When you Google search the Dark Web, what you will get from the search results are countless news articles about the Silk Road.
Before this modern version of the Silk Road, it represented a network of trade routes that spanned the Asian continent and connected the east to the west.
It was active in the Han dynasty from 206 BC until its disintegration in the 1450’s. Its name comes from the extremely profitable trade of silk by the Chinese. The route was credited with the expansion and development of the civilizations in China, the Indian subcontinent, Europe, Persia, the horn of Africa and Arabia. The route also helped in spreading art, technologies and even diseases.
The Modern Silk Road
The modern Silk Road was launched in February 2011 and was a Tor-protected drug marketplace. It operated from the dark web since its inception until 2013, when the FBI shut it down. According to them, this online black market was created and run by Ross William Ulbricht. He managed the platform by using an online pseudonym Dread Pirate Roberts and operating within the dark web. Hence, the Silk Road was a part of the World Wide Web that is built on top of darknets. These are networks that require a specific access and authorization, which made the platform very hard to get into. Users could anonymously and securely browse the Silk Road without the need to worry about getting caught. When the site was shut down, it was estimated that it had earned over $1.2 billion in revenue.

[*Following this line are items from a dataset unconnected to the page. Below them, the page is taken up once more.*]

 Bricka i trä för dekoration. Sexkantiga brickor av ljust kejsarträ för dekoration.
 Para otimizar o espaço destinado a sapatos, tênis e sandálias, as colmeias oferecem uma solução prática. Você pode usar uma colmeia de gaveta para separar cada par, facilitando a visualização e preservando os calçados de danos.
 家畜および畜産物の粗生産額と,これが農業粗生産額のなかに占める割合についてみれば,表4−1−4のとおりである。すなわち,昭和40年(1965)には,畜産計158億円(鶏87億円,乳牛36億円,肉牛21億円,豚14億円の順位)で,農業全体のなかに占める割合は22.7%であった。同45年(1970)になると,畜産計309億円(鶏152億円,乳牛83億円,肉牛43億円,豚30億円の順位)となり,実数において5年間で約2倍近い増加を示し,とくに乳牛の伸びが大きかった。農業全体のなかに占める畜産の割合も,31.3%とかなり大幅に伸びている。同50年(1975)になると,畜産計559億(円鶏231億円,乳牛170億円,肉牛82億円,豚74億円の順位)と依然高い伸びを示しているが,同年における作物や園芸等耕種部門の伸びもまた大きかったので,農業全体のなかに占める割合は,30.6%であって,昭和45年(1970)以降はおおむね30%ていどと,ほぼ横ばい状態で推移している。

The creator of the Silk Road is someone who does not look like a criminal or even has a criminal record. As already said, his name is Ross William Ulbricht and with a Master’s Degree in Materials Science and Engineering, he was someone with a bright future. Before he created the Silk Road, Ulbricht had been the CEO of a bookstore called Good Wagon Books. During this time, he discovered stock trading and Bitcoin. As a libertarian, he believed in freedom of choice and wanted to create a website where users could buy anything anonymously. The bookstore was closed in 2011, and a few weeks later, the Silk Road went live.
How Was It so Successful?
Due to its Tor protection, the site expanded rapidly. The fact that Tor protected the Silk Road was a big problem for the authorities and made it nearly impossible for them to track down Ulbricht. A number of scientists as well as some members of the U.S. Naval Research Laboratory are responsible for the creation of Tor, which is a free software enabling anonymity. It is now a very valuable tool for political activists, whistleblowers, dissidents, and it eventually enabled criminals to communicate online without fear.

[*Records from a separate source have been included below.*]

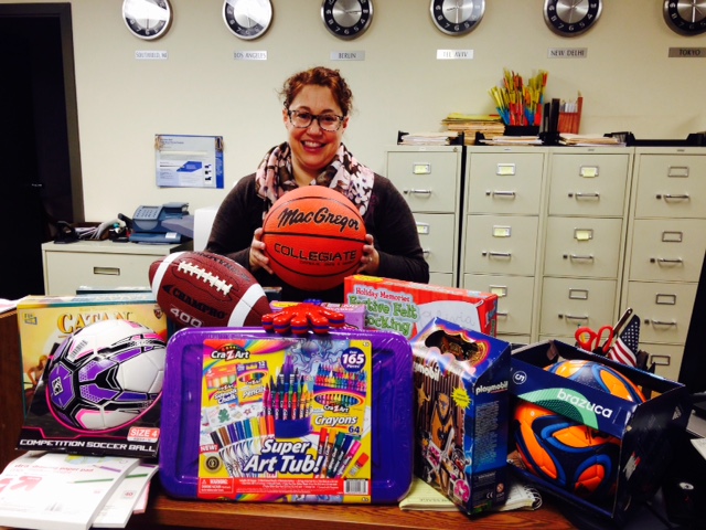In 2014, Assets International ran a toy collection drive from all the businesses in our building. Rhonda Mason displays a sample of what we collected in December of that year, to be turned over to The Rainbow Connection.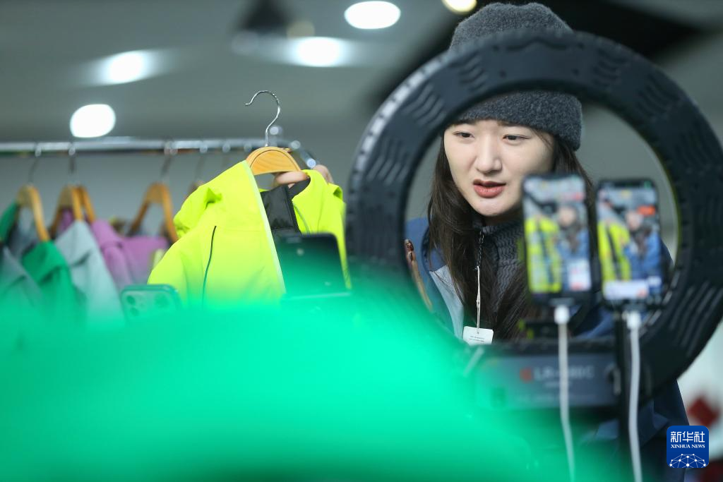 11月11日,在山东省青岛市即墨区即发集团,一名网络主播在直播销售服装产品。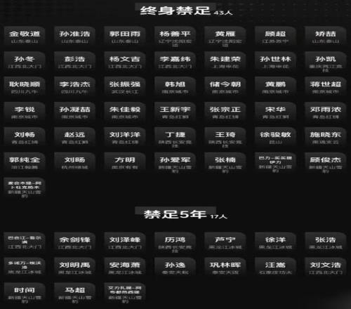 国家体育总局、公安部、中国足协联合处罚,半数球队新赛季将被扣分,73人遭终身禁赛。共13家俱乐部受惩。中超16支球队中有9支,外加中甲4支球队,因涉及多年假球、非法赌球行为遭到处罚,新赛季将被扣分。中超三连冠得主海港被扣5分,申花、浙江、国安、三镇等队都遭处罚。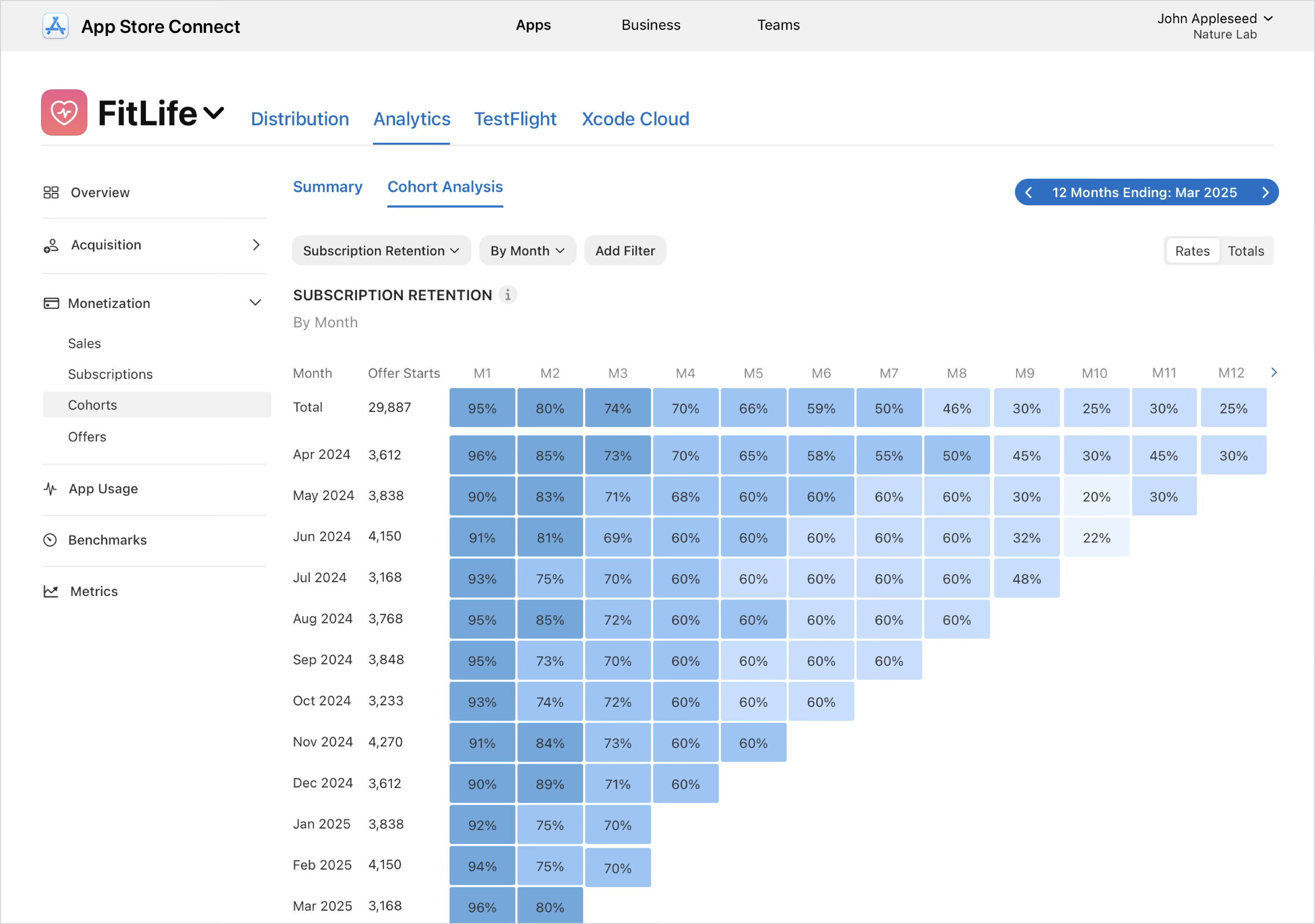 구독 유지율 지표를 선택하는 경우, 각 행은 같은 달에 시작된 구독 집단을 나타내며, 각 열(M1, M2, M3 등)은 해당 집단이 그 후로 여러 달이 경과한 후 활성화된 유료 구독을 유지하는 비율을 표시합니다. 해당 보기를 통해 집단 간의 유지율 추세를 비교할 수 있으며, 시간에 따른 개선 또는 회귀를 발견하고, 신규 프로모션, 가격 또는 앱 업데이트와 같은 변경 사항이 장기 구독자 유지율에 어떤 영향을 미치는지 알아볼 수 있습니다. 구독 그룹, 특가 유형, 국가 및 지역 또는 기기와 같은 필터를 사용하여 특정 세그먼트를 분리할 수 있으며, “요금”과 “합계”를 전환하여 유지율을 백분율 또는 절대 구독 수로 확인할 수 있습니다.

Gawker, a popular media website, published an article about the Silk Road that generated massive publicity and the attention of the FBI. This led to the creation of a special task force by the government called Marco Polo. It became evident that tracking down the creator was essential to shutting down the Silk Road. Eventually, the investigators were able to identify the overseas hosting company that was used to host the Silk Road. This, in turn, enabled them to retrieve all of the website’s private messages. In October 2013, the FBI permanently shut down the Silk Road. The FBI arrested Ross William Ulbricht in San Francisco, at the beginning of October 2013. The information leading to the arrest was provided by multiple factions of the United States government, including the FBI, IRS, DEA, DHS, U.S. Secret Service, Bureau of Alcohol, Firearms Tobacco and Explosives and even the U.S. Postal Inspection – all being part of the Marco Polo task force.
Ulbricht was convicted of seven charges by the jury, including drug trafficking, computer hacking, criminal enterprise, and money laundering. Then, on May 29th, 2015, he was handed 5 sentences, 2 of which included life imprisonment. Even with that sentence, many copycat websites were created but were all quickly shut down. The harsh sentence was meant to serve as a warning to others.